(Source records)
====================

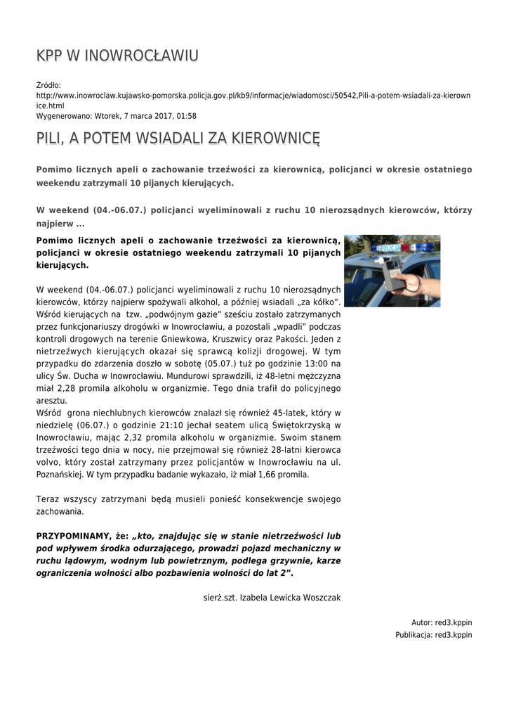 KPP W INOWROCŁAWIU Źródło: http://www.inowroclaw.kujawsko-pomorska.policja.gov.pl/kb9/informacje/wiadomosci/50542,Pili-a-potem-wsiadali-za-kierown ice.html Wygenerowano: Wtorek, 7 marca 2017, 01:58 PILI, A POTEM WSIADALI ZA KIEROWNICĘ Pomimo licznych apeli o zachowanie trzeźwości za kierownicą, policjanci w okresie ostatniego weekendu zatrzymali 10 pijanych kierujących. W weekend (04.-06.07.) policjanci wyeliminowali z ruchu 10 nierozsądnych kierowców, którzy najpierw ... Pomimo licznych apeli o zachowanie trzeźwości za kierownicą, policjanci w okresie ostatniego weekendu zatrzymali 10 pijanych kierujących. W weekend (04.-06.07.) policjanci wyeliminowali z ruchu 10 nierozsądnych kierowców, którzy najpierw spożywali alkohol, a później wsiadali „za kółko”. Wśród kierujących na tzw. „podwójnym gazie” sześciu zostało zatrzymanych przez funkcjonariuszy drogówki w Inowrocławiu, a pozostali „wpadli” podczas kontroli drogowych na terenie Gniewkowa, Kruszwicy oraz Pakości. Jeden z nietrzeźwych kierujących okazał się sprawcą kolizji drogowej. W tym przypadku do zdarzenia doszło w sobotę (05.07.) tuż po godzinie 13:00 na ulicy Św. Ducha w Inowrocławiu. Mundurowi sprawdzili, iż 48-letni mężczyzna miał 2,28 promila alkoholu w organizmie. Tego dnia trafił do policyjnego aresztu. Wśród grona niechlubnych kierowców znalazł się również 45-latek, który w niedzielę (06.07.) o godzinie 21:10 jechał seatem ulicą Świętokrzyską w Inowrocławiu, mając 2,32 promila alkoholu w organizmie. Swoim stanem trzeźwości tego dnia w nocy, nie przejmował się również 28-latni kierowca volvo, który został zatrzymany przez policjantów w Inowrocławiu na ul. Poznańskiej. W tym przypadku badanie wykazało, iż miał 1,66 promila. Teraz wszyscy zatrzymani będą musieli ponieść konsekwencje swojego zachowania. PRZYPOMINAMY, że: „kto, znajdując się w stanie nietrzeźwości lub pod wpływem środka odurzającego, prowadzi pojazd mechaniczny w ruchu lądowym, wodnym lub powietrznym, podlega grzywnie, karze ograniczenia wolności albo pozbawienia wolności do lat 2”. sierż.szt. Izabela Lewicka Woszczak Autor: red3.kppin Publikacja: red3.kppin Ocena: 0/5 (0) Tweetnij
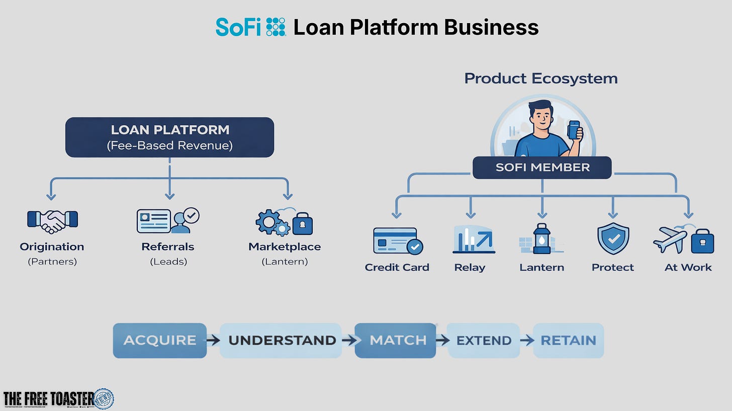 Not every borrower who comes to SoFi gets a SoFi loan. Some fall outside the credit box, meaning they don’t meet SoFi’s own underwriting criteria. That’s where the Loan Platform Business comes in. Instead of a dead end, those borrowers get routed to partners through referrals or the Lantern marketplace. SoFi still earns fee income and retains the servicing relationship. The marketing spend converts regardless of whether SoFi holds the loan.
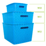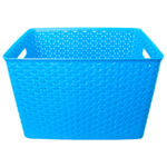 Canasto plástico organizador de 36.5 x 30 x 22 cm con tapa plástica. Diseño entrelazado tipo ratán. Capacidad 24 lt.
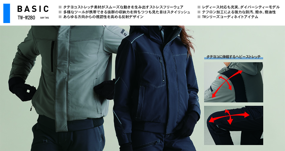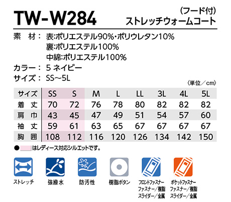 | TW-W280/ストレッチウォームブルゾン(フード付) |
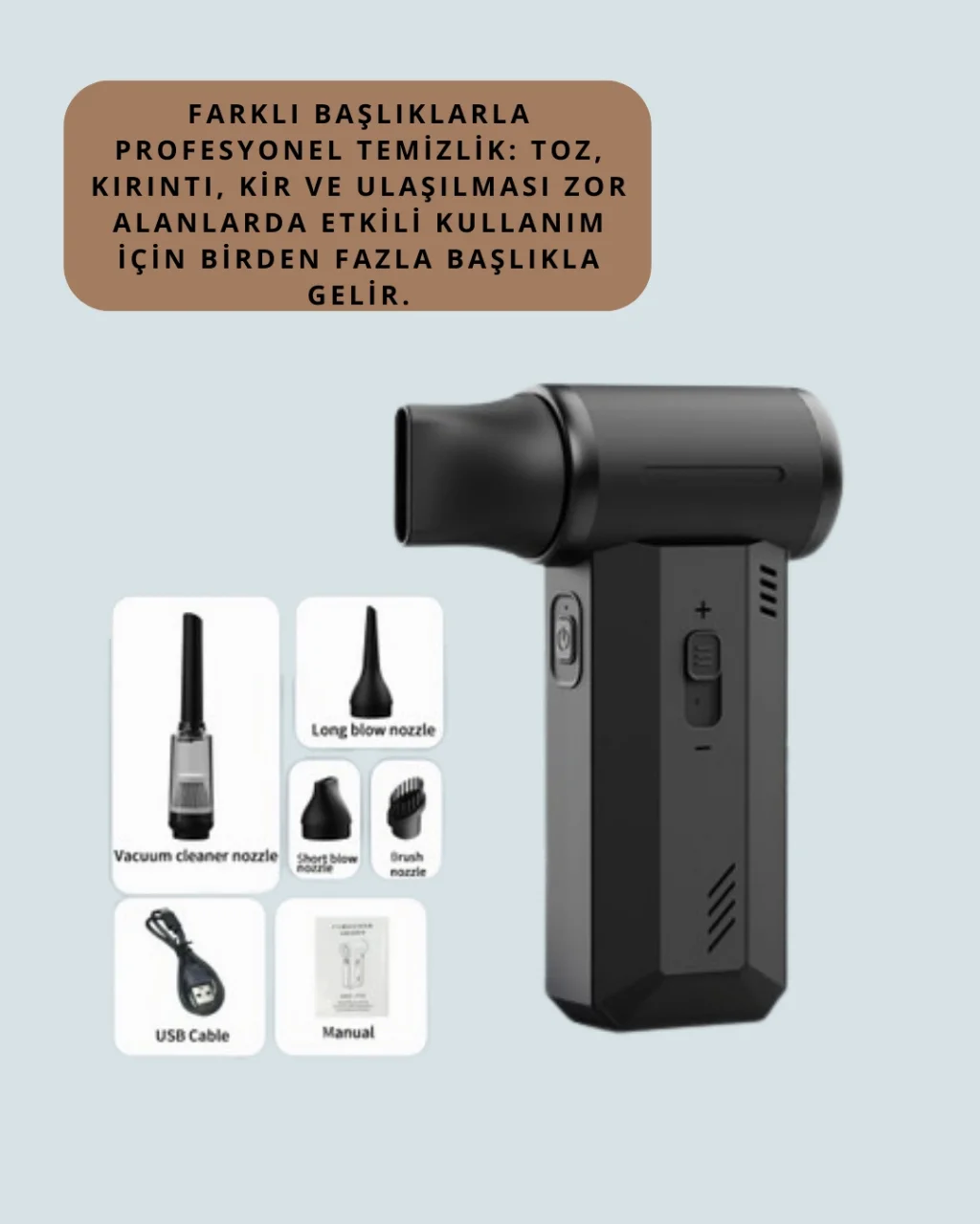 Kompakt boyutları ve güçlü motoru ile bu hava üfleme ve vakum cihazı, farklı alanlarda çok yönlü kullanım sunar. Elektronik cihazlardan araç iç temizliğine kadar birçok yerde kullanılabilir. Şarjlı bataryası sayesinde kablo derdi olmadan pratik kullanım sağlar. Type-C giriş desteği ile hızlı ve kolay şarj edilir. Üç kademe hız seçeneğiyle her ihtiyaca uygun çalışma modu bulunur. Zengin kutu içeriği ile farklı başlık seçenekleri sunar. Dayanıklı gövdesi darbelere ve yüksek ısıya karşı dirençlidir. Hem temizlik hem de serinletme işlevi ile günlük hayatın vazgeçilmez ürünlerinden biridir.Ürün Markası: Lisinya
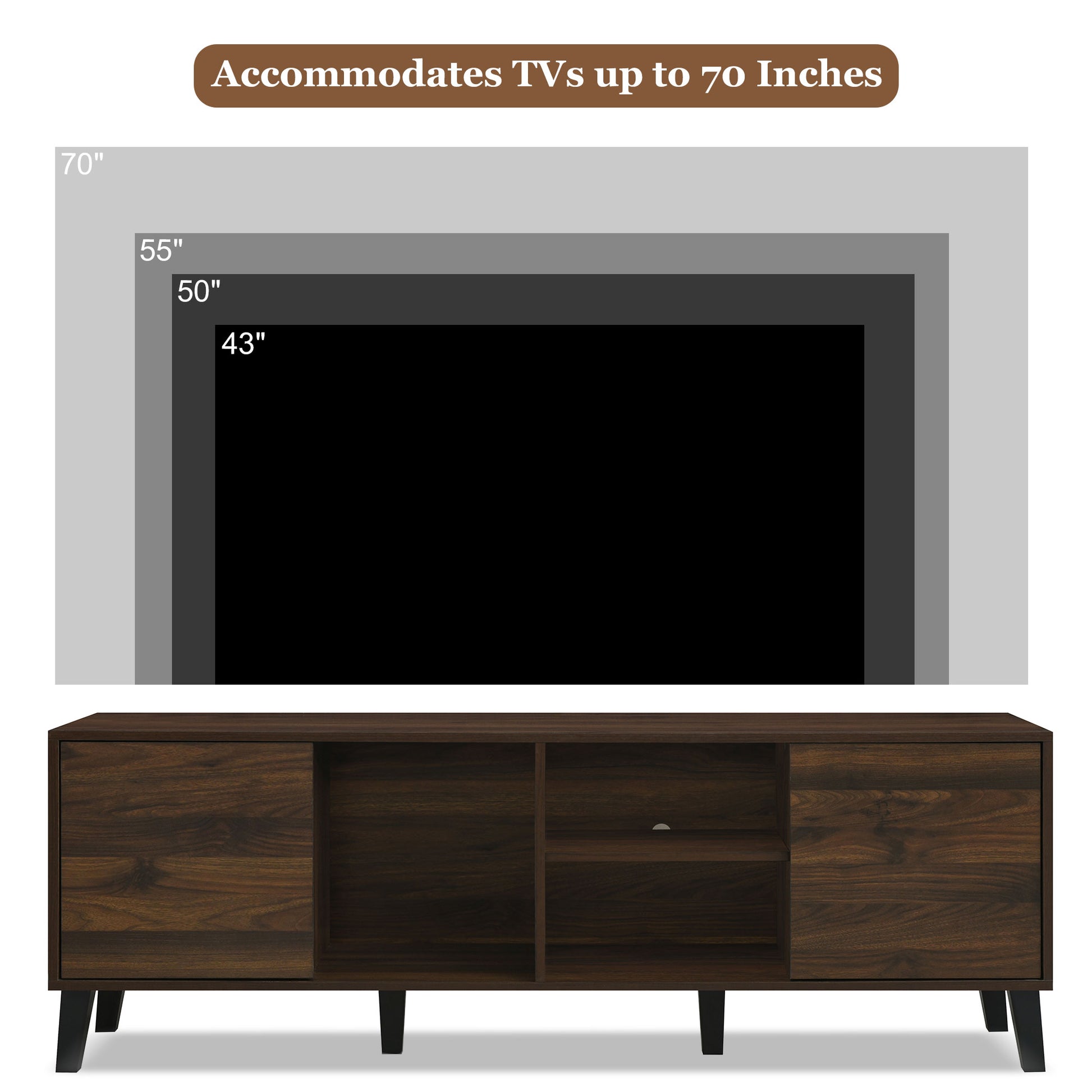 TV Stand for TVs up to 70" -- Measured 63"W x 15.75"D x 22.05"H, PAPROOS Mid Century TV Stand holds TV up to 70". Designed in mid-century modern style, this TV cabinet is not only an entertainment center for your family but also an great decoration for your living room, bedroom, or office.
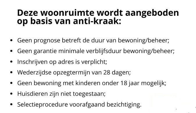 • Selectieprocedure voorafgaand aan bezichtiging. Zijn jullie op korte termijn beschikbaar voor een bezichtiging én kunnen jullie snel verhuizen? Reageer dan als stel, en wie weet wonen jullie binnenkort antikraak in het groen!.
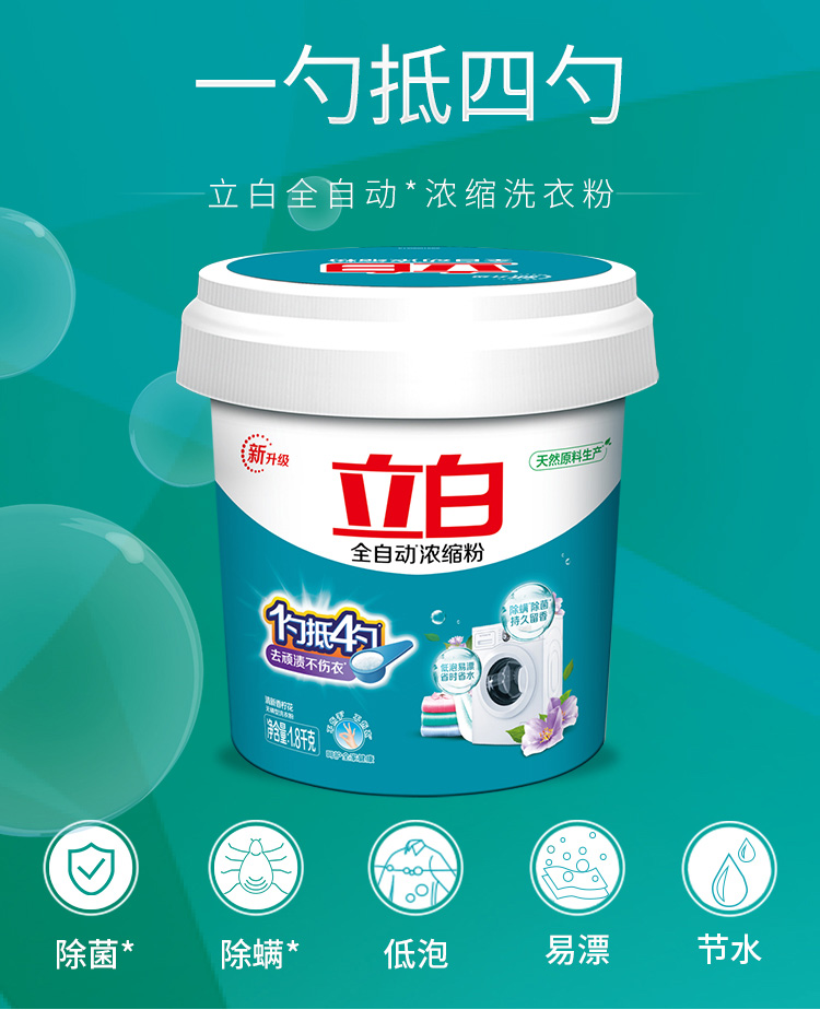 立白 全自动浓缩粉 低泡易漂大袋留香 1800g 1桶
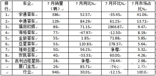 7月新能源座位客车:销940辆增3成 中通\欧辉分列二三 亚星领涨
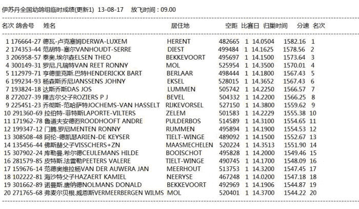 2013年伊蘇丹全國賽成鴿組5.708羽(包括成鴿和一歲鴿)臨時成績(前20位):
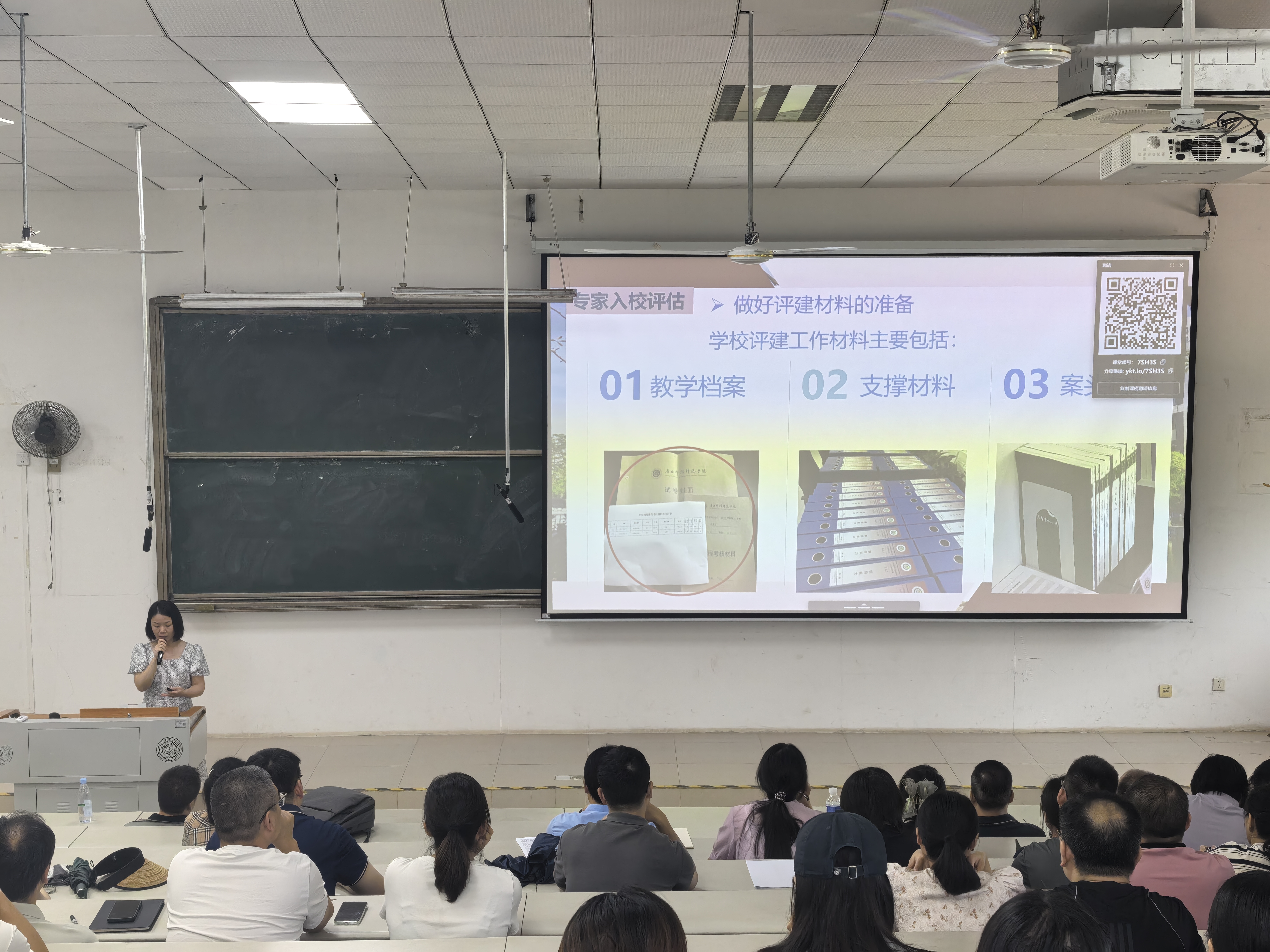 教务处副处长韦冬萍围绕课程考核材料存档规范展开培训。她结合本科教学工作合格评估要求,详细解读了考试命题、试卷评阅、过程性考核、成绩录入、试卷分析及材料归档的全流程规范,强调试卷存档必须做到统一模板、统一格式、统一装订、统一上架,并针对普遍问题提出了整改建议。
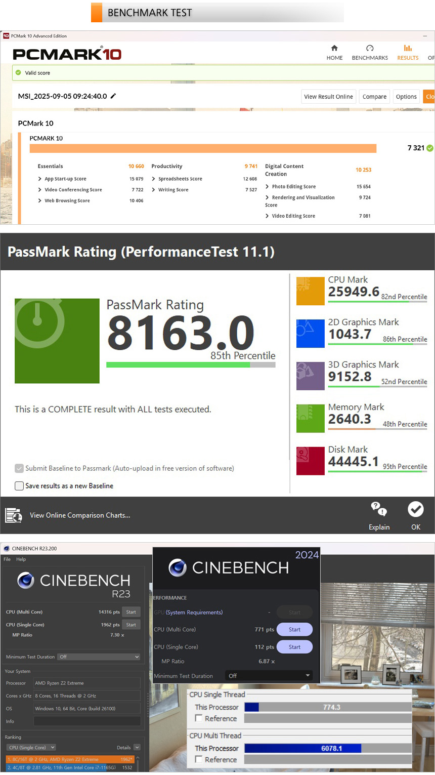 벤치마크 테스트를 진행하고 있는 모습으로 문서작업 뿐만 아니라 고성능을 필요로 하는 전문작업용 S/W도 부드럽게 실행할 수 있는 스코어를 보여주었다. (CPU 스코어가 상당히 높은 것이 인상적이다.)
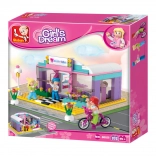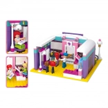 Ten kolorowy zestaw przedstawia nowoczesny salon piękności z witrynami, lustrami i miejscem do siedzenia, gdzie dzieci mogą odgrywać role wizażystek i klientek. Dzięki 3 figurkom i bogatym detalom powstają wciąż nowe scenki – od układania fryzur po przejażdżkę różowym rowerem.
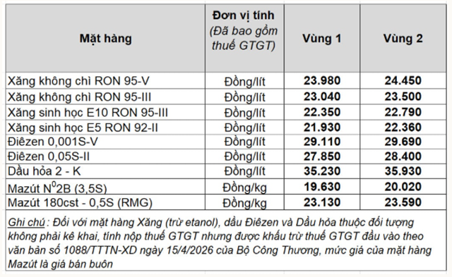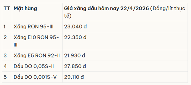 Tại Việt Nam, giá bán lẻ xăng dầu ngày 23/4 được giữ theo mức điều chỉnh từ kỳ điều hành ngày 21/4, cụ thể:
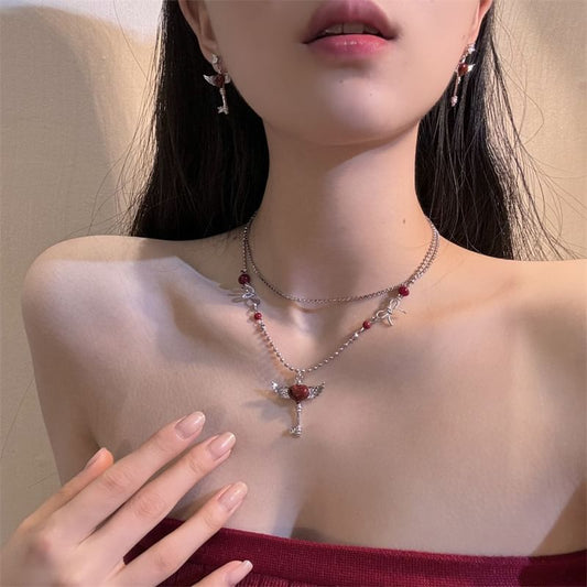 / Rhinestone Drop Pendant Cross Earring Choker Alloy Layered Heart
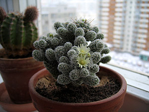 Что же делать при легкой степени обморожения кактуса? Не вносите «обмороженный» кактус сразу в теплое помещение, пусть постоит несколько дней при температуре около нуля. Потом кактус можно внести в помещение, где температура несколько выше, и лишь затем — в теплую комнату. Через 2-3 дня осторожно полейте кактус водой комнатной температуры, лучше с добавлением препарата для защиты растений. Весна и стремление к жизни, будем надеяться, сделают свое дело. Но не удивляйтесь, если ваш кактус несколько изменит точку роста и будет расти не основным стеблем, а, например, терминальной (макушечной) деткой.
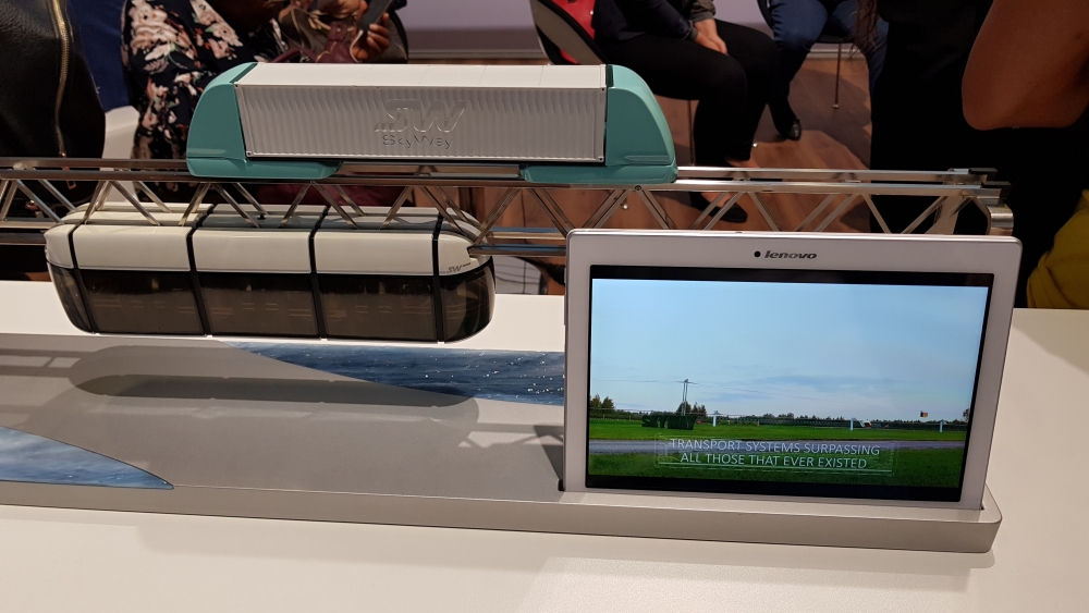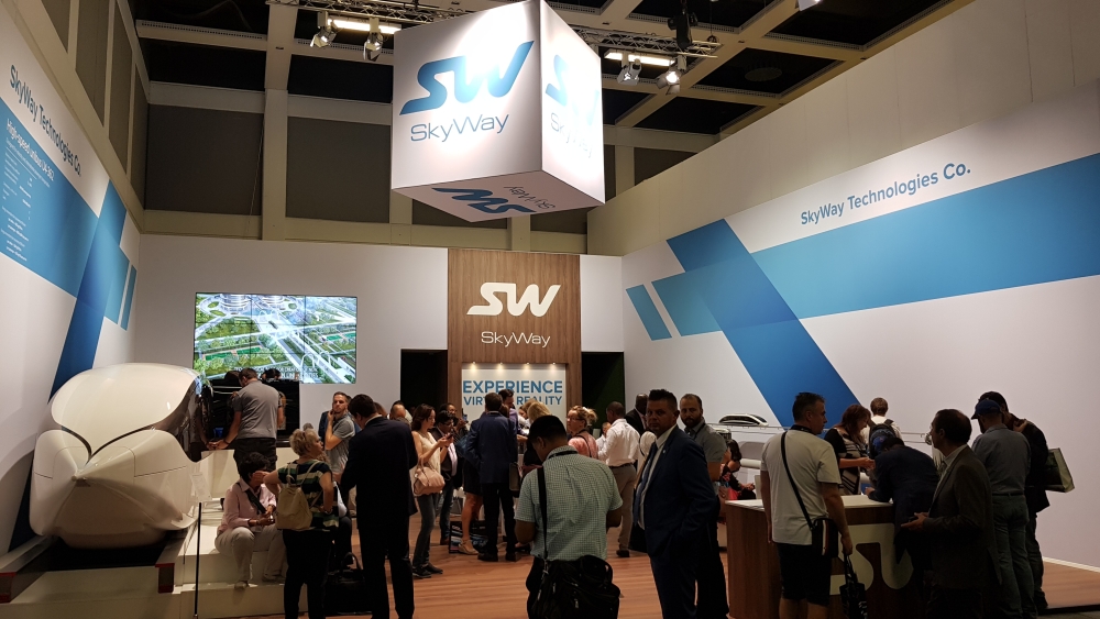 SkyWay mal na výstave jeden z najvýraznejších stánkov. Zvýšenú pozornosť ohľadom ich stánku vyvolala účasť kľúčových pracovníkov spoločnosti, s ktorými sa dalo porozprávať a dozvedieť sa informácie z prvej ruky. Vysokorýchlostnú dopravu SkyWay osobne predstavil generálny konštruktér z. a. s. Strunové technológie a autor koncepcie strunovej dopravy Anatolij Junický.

====================

# [Aim of the exercise]
Nothing but the lines from the one with "Canasto plástico organizador" up to and including the one with "2013年伊蘇丹全國賽成鴿組" should be printed, exactly as they read above. Please keep the pictures out.

# [Task output]
 Canasto plástico organizador de 36.5 x 30 x 22 cm con tapa plástica. Diseño entrelazado tipo ratán. Capacidad 24 lt.
 | TW-W280/ストレッチウォームブルゾン(フード付) |
 Kompakt boyutları ve güçlü motoru ile bu hava üfleme ve vakum cihazı, farklı alanlarda çok yönlü kullanım sunar. Elektronik cihazlardan araç iç temizliğine kadar birçok yerde kullanılabilir. Şarjlı bataryası sayesinde kablo derdi olmadan pratik kullanım sağlar. Type-C giriş desteği ile hızlı ve kolay şarj edilir. Üç kademe hız seçeneğiyle her ihtiyaca uygun çalışma modu bulunur. Zengin kutu içeriği ile farklı başlık seçenekleri sunar. Dayanıklı gövdesi darbelere ve yüksek ısıya karşı dirençlidir. Hem temizlik hem de serinletme işlevi ile günlük hayatın vazgeçilmez ürünlerinden biridir.Ürün Markası: Lisinya
 TV Stand for TVs up to 70" -- Measured 63"W x 15.75"D x 22.05"H, PAPROOS Mid Century TV Stand holds TV up to 70". Designed in mid-century modern style, this TV cabinet is not only an entertainment center for your family but also an great decoration for your living room, bedroom, or office.
 • Selectieprocedure voorafgaand aan bezichtiging. Zijn jullie op korte termijn beschikbaar voor een bezichtiging én kunnen jullie snel verhuizen? Reageer dan als stel, en wie weet wonen jullie binnenkort antikraak in het groen!.
 立白 全自动浓缩粉 低泡易漂大袋留香 1800g 1桶
 7月新能源座位客车:销940辆增3成 中通\欧辉分列二三 亚星领涨
 2013年伊蘇丹全國賽成鴿組5.708羽(包括成鴿和一歲鴿)臨時成績(前20位):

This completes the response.